Подобный аспект рассмотрения и анализа исторических явлений, начиная с 60-х годов XX в., был характерен для исследований многих российских ученых, идейными вдохновителями которых являлись такие выдающиеся историки, как Б. Ф. Поршнев, А. Я. Гуревич, Ю. Л. Бессмертный, Л. В. Данилова и другие. В их трудах история эмоций трактовалась в рамках истории семьи, сексуальности и частной жизни вообще54. Эти традиции нашли свое продолжение в трудах НЛ. Пушкаре — вой, где подробно исследуется мир чувств и сексуальности русской женщины Х-Х1Х веков55.
В последние 20-30 лет с развитием новой области знаний — гендерных исследований, изучение жизни женщины в различные исторические эпохи, ее интимных переживаний, того, как она познает свой внутренний мир и свою телесную оболочку (как неразрывную часть ее личности), — все это оказывается в центре внимания ученых, представителей различных гуманитарных наук.
Как видим, в наш XXI век разрушено большинство границ и появились широкие возможности для свободного и объективного рассмотрения указанных проблем.
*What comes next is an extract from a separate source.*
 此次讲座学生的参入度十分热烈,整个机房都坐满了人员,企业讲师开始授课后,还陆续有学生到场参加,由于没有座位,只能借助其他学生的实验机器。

И важнее всего, на наш взгляд, то, что голос женщин-ученых, открыто говорящих правду о женском теле, об интимных чувствах и переживаниях, услышан и занимает достойное место в дискурсе современной науки.
Если ранее в науке, литературе и в искусстве женские персонажи говорили словами своих создателей — мужчин, и в основном действовали в рамках патриархальных норм, то со временем они против воли автора, повинуясь логике правды жизни, вырывались из-под их контроля, как, например, это случилось с Анной Карениной, которую Л. Н. Толстой хотел вывести в качестве порочной женщины и тем самым осудить такой тип характера. Но на деле этот образ вызывает у читателей сочувствие и понимание.
Более того, нередко героини современных романов и повестей, стараясь выпутаться из схем фаллоцентричной культуры, сопротивляются автору и вступают с ним в диалог, а иногда и в прямой конфликт, что свидетельствует о том, что творцы — мужчины сами готовы быть инициаторами смены парадигмы андроцентричного общества.
Так, Патти Дифуса — героиня книги знаменитого испанского кинорежиссера Педро Альмодовара, ожесточенно спорит с ним, отстаивая свою индивидуальность и заявляя протест против того, чтобы быть просто символом, а не живым персонажем. «Ты недооцениваешь мои способности, — говорит она ему, — это несправедливо! Если я — твое отражение, то пусть я останусь молодой, пока ты не выживешь из ума. Преврати меня в идеал, над которым не властна реальность, как портрет Дориана Грея! Разрушайся сам, а я останусь божественной! <…> Зачем же ты меня воскресил, можно узнать? Чтобы я осталась немой, слепой и никак себя не выражала?»56. И Патти Дифуса делает вывод: «…увидев свое отражение в других, я почувствовала презрение к СЕБЕ САМОЙ. И это мне НЕ нравится. Почему я должна превращаться в МИФ?»57 «… я не только обладательница тела, которое сводит с ума мужчин, у меня еще и мозги имеются»58.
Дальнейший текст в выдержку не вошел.